D. MANFAAT FILSAFAT DALAM DUNIA PENDIDIKAN
Filsafat pendidikan pada dasarnya adalah penerapan dari pemikiran –
pemikiran filsafat untuk memecahkan permasalahan pendidikan. Dengan
demikian, filsafat memiliki manfaat dan memberikan kontribusi yang besar
terutama dalam memberikan kajian sistematis berkenaan dengan kepentingan
pendidikan. Nasution (1982) mengidentifikasi beberapa manfaat filsafat
pendidikan, yaitu :
1. Filsafat pendidikan dapat menentukan arah akan dibawa ke mana anak –
anak melalui pendidikan di sekolah? Sekolah ialah suatu lembaga yang
didirikan untuk mendidik anak – anak ke arah yang dicita – citakan oleh
masyarakat, bangsa, dan negara.
2. Dengan adanya tujuan pendidikan yang diwarnai oleh filsafat yang dianut,
kita mendapat gambaran yang jelas tentang hasil yang harus dicapai.
Manusia yang bagaimanakah yang harus diwujudkan melalui usaha-usaha
pendidikan itu.
3. Filsafat dan tujuan pendidikan memberi kesatuan yang bulat kepada segala
usaha pendidikan.
4. Tujuan pendidikan memungkinkan si pendidik menilai usahanya, hingga
manakah tujuan itu tercapai.
11
5. Tujuan pendidikan memberiakan motivasi atau dorongan bagi kegiatan –
kegiatan pendidikan
12
BAB III
PENUTUP
A. KESIMPULAN
Landasan filosofis bersumber dari pandangan-pandangan dalam filsafat
pendidikan, menyangkut keyakianan terhadap hakekat manusia, keyakinan
tentang sumber nilai, hakekat pengetahuan, dan tentang kehidupan yang lebih
baik dijalankan. Aliran filsafat yang kita kenal sampai saat ini adalah
Perenialisme, Esensialisme, Pragmatisme, Progresivisme, Rekonstruksionisme
dan Behavorisme.
Pasal 2 UU RI No.2 Tahun 1989 menetapkan bahwa pendidikan nasional
berdasarkan pancasila dan UUD 1945. sedangkan Ketetapan MPR RI No.

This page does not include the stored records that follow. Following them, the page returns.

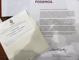La imagen que antecede a estas líneas tiene, para mí, el valor de un símbolo. Se trata de la respuesta del senador de Podemos Ramón Espinar a la invitación recibida por el Real Madrid para acudir al palco del Real Madrid...
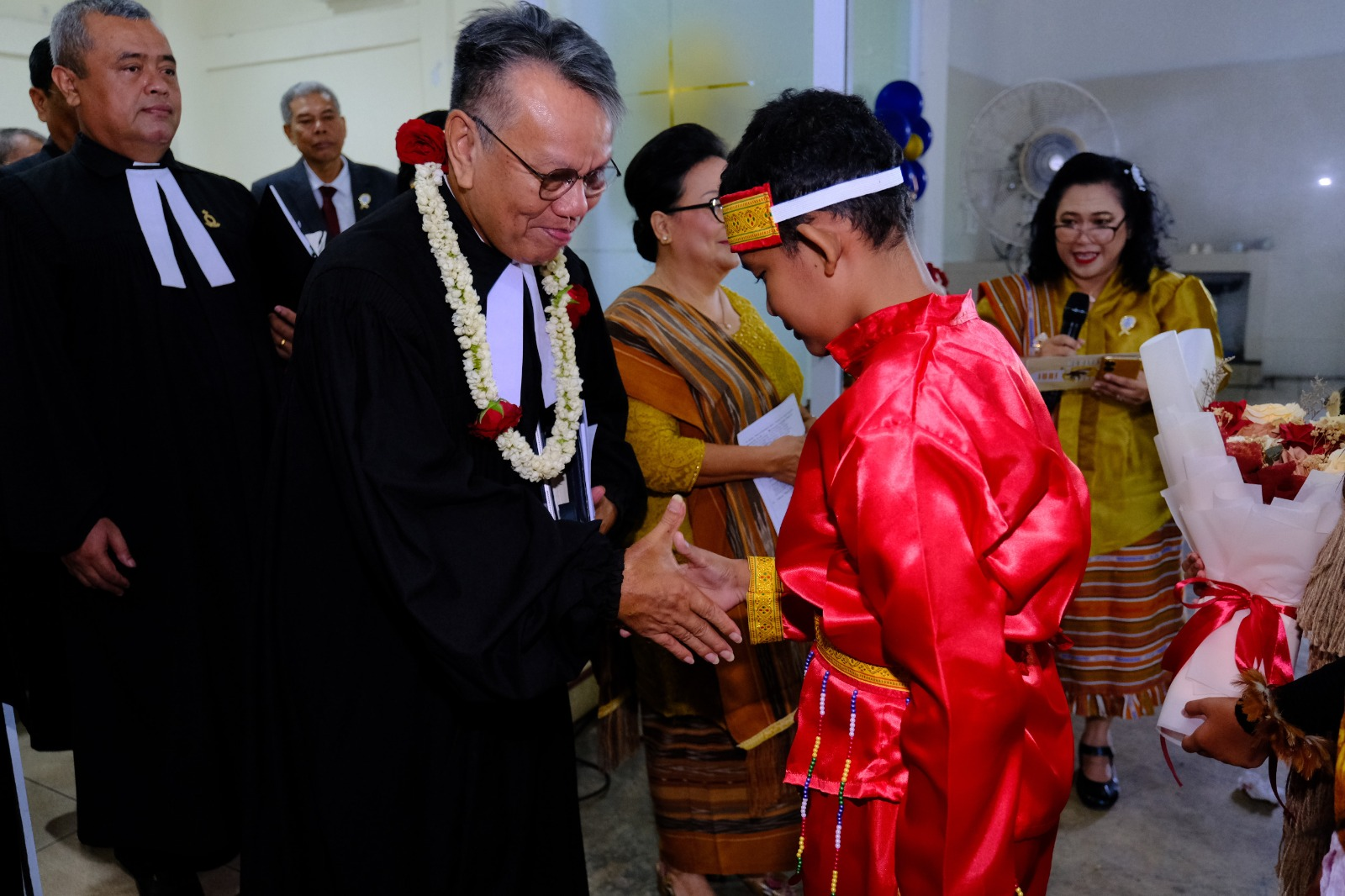 Pengalungan Bunga kepada Pendeta Resort HKBP Wakaras Pdt. Ridwan Silitonga, S.Th., yang diberikan Anaks Sekolah Minggu HKBP Warakas.
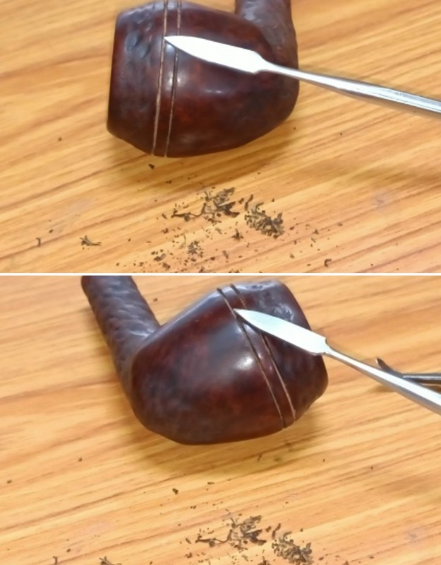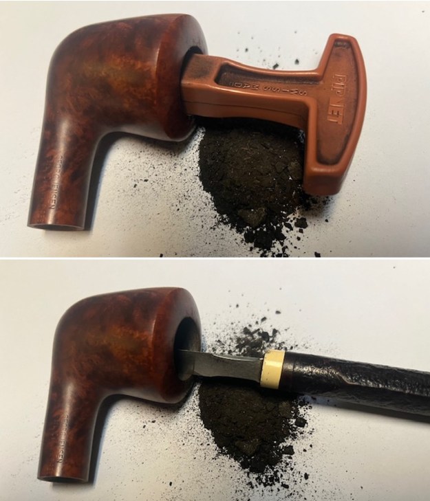 This was followed by cleaning the mortise with cue tips, pipe cleaners and a shank brush dipped in isopropyl alcohol. I scraped the walls of the mortise with my fabricated knife to remove the dried oils and tars. The heap of gunk scraped out from the mortise walls tells the sordid saga of the condition of the shank internals. Well, the shank internals are clean and will be further cleaned once the stummel exterior is cleaned using oil soap and shank brushes. However, the odours are still very strong and would need more intrusive methods of cleaning.
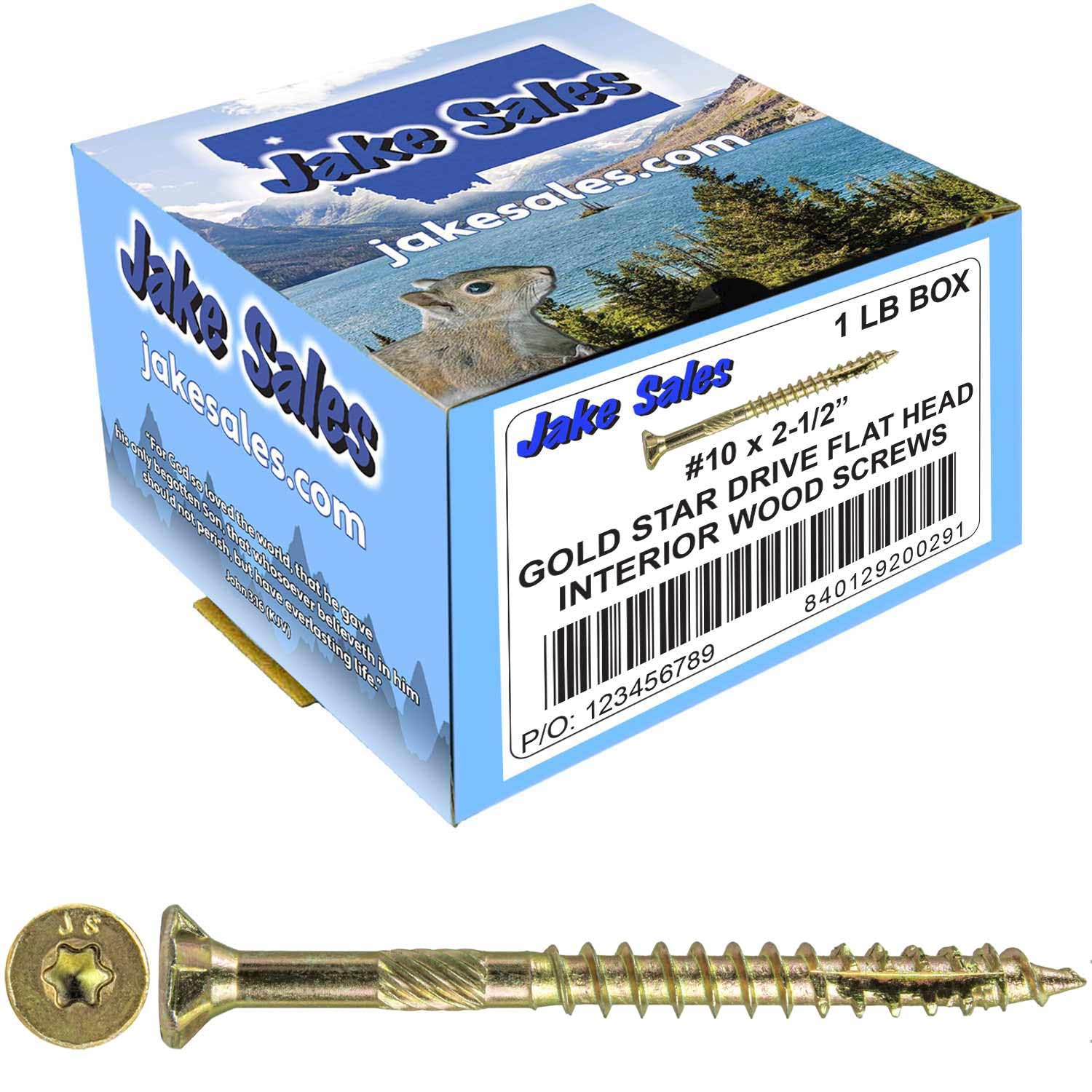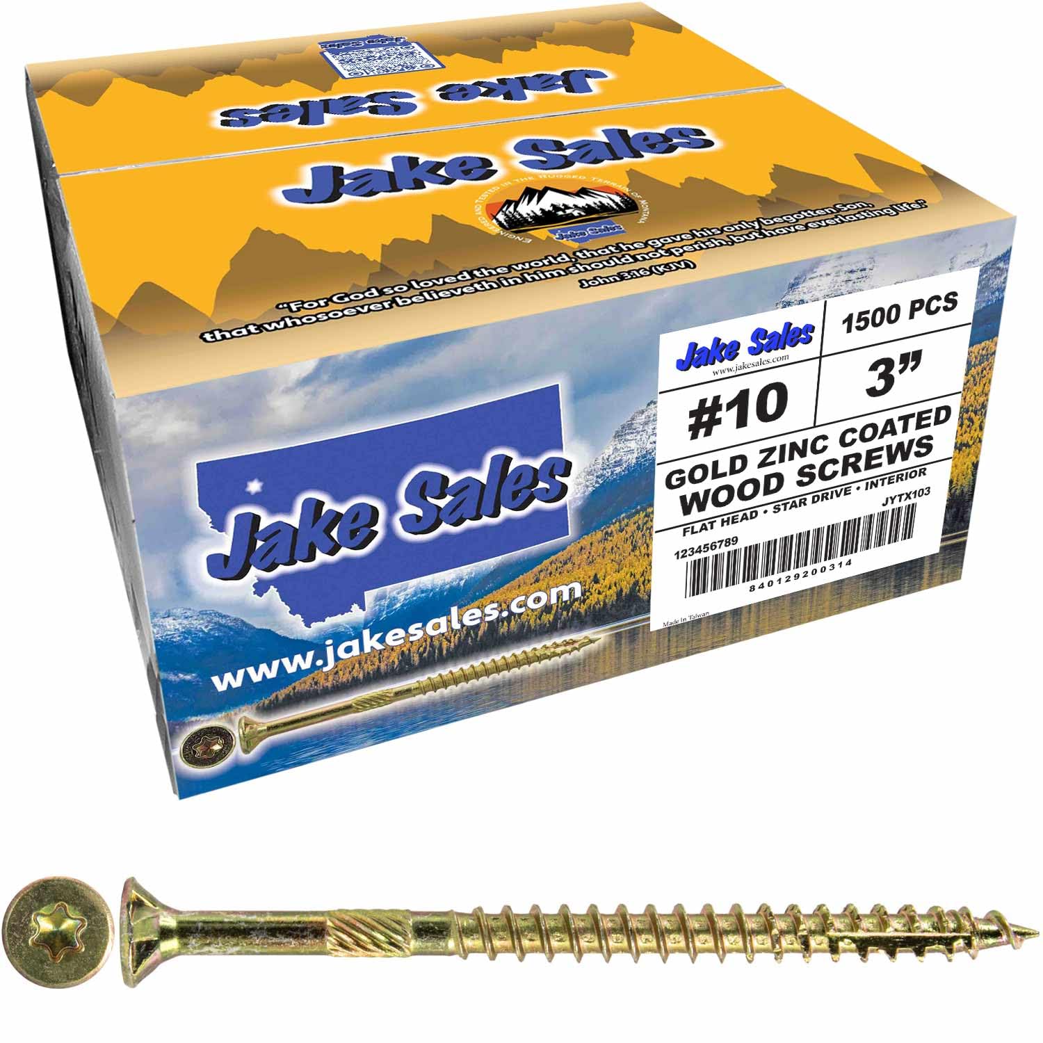 Jake Sales #10 X 3" Gold Star Wood Screw Torx/Star Drive Flat Head - Multipurpose Torx/Star Drive Wood Screws - CASE QTY 42 BOXES 2,646 SCREWS-Dimensions: Shank Diameter .190" - Item Width and Height 0.38 - Use T25 Torx/Star Drive Bit-Multipurpose Yellow Zinc Triple Coated Screws, Excellent Screws, for Both Hard and Soft Wood-Screws are Manufactured from High Quality Heat Treated Steel With a Self-Countersinking Screw Head-Deep, Wide, Sharp Threads Provide Maximum Holding Power Cut Clean and Easy Through Tough Materials-Knurled Screw Shoulder Lowers Drill Torque Requirements (10 x 2" and above)-Type 17 Notched Sharp Screw Point for Quick Starts without "Walking" and Eliminates Pre-Drilling-Deep Torx/Star Drive Head Reduces "Cam-out" When Driving Screw During Installation-Torx/Star Drive Wood Screw Head Provides Twice the Torque of Phillips or Square Drive Screw Heads-Excellent Screw for Cabinetry, Furniture, Roofing, and Framing Gold Star Yellow Zinc Multipurpose Torx/Star Drive Wood Screws"YTX" #10 x 3" Wood Screws with a .38" Diameter Torx Drive Head. Use the T25 Torx/Star Drive Bit for Installing these Quality Wood Screws. Our Gold Star Torx/Star Drive Screws are an Excellent Fastener for Multipurpose Applications in Hard and Soft Woods, Chipboard, and other Tough Materials. These Gold Zinc Coated Wood Screws are a Rugged Fastener for Professional Operations and Demanding Industries. Uses include, cabinetry, framing, furniture, and other Applications. Our Wood Screws are so Strong they can even be Removed and Reused. Screw Engineering Specs:Average Shear Strength of #10 Shank ---- 2399 lbsAverage Pull-Out Strength ----------------- 1391 lbs (Screw Pull-Out is Calculated with a 3" Length Screw in the wood species: Yellow Pine Wood)
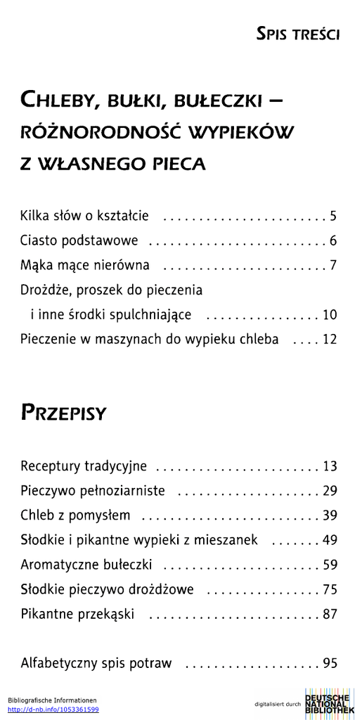 SPIS TREŚCI CHLEBY, BUŁKI, BUŁECZKI RÓŻNORODNOŚĆ WYPIEKÓW Z WŁASNEGO PIECA Kilka s ł ó w o k s z t a ł c i e 5 Ciasto podstawowe 6 Mąka mące nierówna 7 Drożdże, proszek do pieczenia i inne środki spulchniające Pieczenie w maszynach do wypieku chleba 10 . . . . 12 PRZEPISY Receptury tradycyjne 13 Pieczywo pełnoziarniste 29 Chleb z pomysłem 39 Słodkie i pikantne wypieki z mieszanek 49 Aromatyczne bułeczki 59 Słodkie pieczywo drożdżowe 75 Pikantne przekąski 87 Alfabetyczny spis potraw 95 http://d-nb.info/1053361599
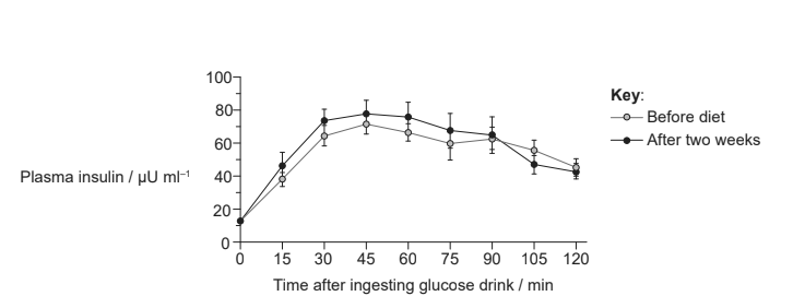 • Both sets of values are very similar at each time point, with overlapping error bars, indicating no significant difference in insulin levels before and after the study diet.
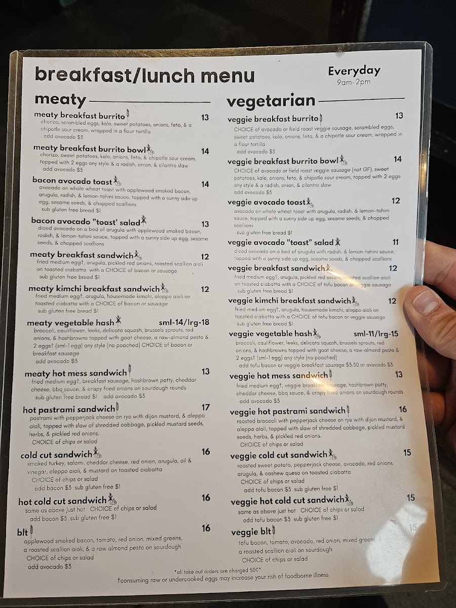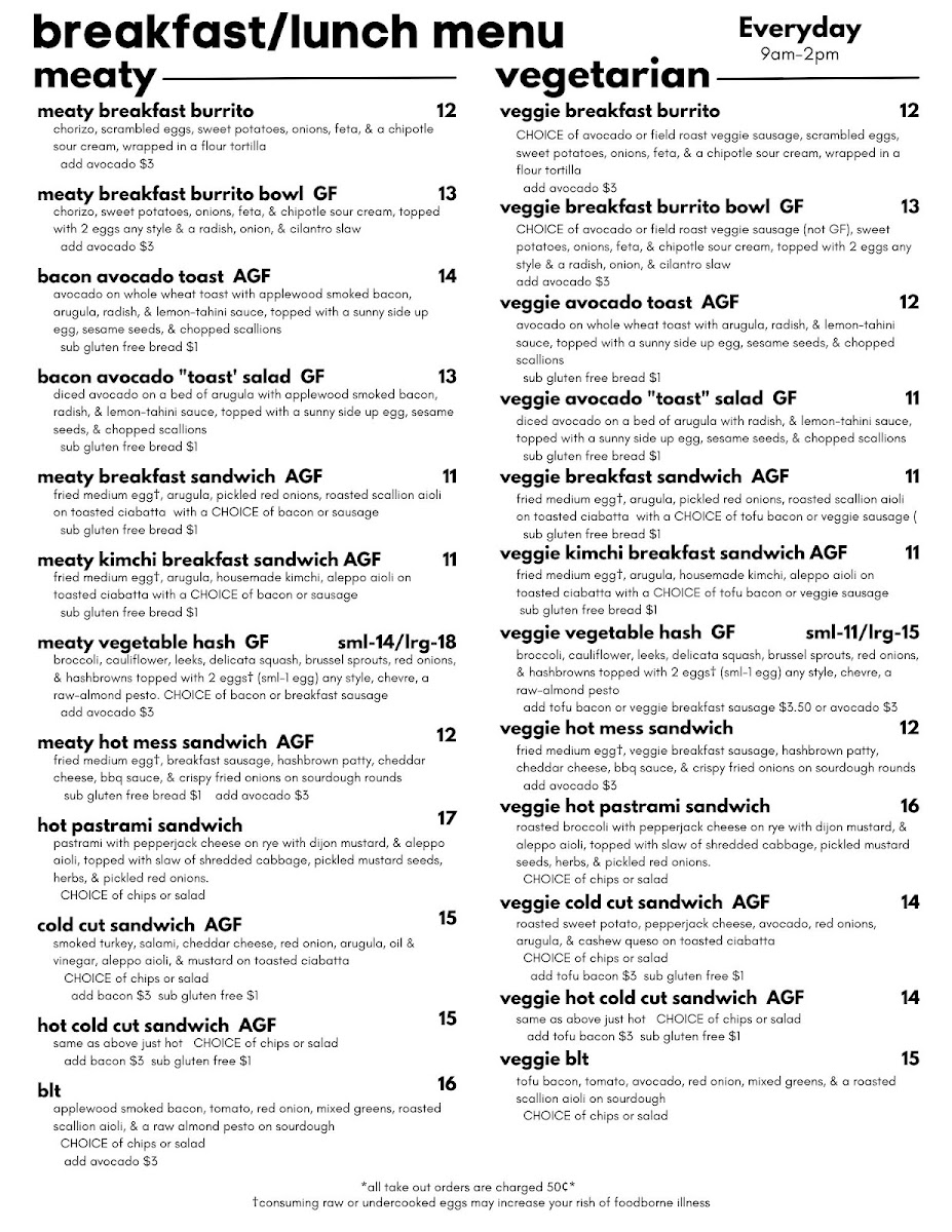 House fermented kimchi with a fried egg, arugula, aleppo aioli, on ciabatta with a choice of bacon or sausage. **ATTN: The options provided are the only options available. We cannot accommodate written substitutions or alterations**
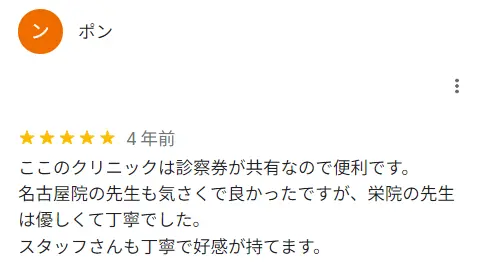 こちらの方は、イースト駅前クリニック名古屋栄院の医師が優しく丁寧な点も評価しています。
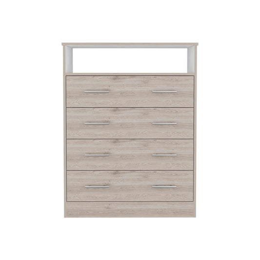 Peru L Four Drawer Dresser, Superior Top, One Open Shelf -Light Gray / White

II/MPR/1978 tentang P4 menegaskan pula bahwa Pancasila adalah jiwa
seluruh rakyat indonesia, kepribadian bangsa Indonesia, pandangan hidup
bangsa Indonesia, dan dasar negara Indonesia. Pancasila merupakan sumber
dari segala gagasan mengenai wujud manusia sebagai individu atau sosial yang
dianggap baik., sumber dari segala sumber yang dijadikan sebagai acuan,
keputusan dan tindakan dalam pendidikan.
Dalam ketetapan MPR RI diatas memberi petunjuk-petunjuk nyata dan
jelas wujud pengamalan kelima sila dari Pancasila. Bagi bidang pendidikan, hal
itu sangat penting karena akan terdapat kepastian nilai yang menjadi pedoman
dalam pelaksanaan pendidikan.
B. SARAN
Penulis menyadari terdapat banyak kesalahan dalam makalah ini. Penulis
meminta kritik dan saran pembaca untuk memperbaiki makalah ini.